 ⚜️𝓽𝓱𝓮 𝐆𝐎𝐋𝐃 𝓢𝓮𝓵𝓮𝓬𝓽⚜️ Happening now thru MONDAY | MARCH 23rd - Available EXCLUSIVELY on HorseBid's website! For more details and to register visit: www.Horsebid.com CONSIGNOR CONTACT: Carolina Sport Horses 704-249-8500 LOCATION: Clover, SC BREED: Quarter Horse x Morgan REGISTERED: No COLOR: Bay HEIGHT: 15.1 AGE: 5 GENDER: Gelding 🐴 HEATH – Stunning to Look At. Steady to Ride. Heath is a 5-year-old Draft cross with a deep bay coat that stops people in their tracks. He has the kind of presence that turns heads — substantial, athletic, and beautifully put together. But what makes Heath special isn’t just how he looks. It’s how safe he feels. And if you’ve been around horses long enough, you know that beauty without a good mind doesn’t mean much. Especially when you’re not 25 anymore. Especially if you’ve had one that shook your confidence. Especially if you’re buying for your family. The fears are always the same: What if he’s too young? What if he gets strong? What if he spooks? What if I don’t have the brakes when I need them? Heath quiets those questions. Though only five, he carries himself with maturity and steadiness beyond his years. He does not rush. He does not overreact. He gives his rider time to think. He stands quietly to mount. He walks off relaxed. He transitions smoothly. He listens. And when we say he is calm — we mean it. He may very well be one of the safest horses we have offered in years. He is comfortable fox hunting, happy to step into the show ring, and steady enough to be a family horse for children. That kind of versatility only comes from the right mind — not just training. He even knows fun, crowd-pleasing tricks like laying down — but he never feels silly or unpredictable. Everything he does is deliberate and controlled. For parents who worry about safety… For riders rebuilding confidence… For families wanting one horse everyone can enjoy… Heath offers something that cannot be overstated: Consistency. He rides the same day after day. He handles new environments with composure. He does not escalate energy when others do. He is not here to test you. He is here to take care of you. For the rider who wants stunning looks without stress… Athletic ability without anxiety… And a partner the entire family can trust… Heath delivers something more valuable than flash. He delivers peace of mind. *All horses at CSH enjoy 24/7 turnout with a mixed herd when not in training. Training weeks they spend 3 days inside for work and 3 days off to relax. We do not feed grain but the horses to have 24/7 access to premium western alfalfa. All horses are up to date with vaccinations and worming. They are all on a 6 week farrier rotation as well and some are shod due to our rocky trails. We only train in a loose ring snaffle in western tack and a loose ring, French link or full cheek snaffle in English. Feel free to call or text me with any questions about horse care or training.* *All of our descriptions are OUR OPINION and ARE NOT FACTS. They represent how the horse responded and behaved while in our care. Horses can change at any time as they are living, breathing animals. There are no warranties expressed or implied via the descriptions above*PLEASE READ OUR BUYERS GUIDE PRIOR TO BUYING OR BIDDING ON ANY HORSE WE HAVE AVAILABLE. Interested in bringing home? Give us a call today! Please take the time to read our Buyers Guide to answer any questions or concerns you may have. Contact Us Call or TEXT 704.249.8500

---

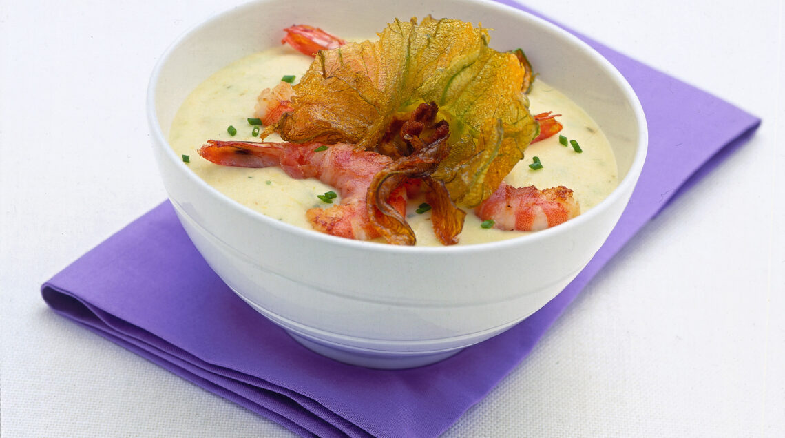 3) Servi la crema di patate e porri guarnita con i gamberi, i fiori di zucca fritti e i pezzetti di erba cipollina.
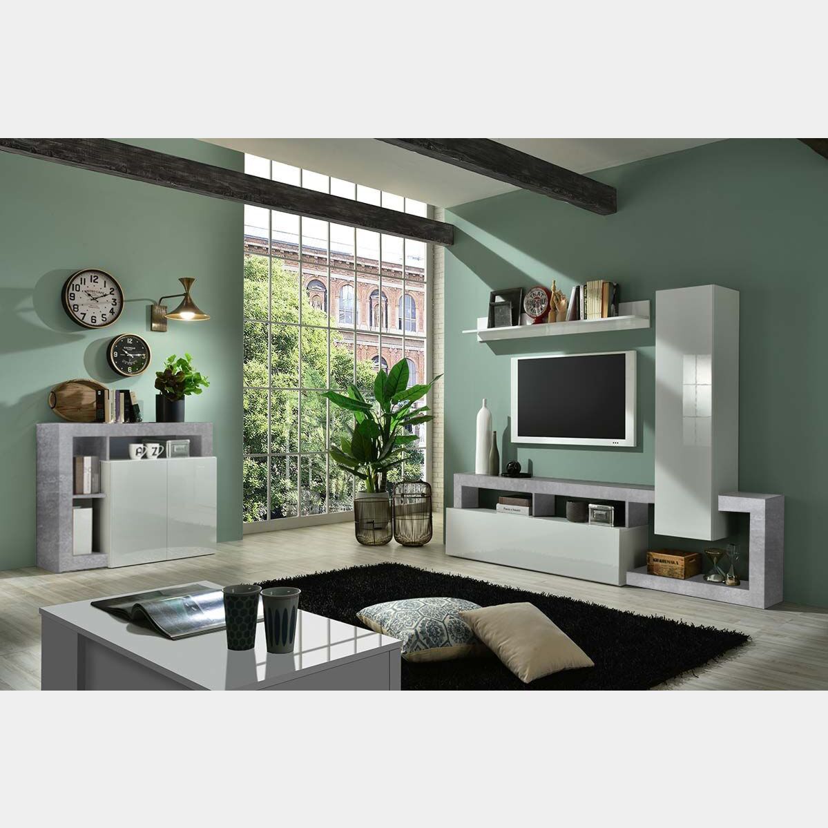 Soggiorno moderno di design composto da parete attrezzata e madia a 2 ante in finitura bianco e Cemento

---

● EXERCISE: Go back to the listing above and reproduce, exactly, the stretch from the line bearing "3) Servi la" through the line bearing "Soggiorno moderno di", without its pictures.

● EXERCISE ANSWER:
 3) Servi la crema di patate e porri guarnita con i gamberi, i fiori di zucca fritti e i pezzetti di erba cipollina.
 Soggiorno moderno di design composto da parete attrezzata e madia a 2 ante in finitura bianco e Cemento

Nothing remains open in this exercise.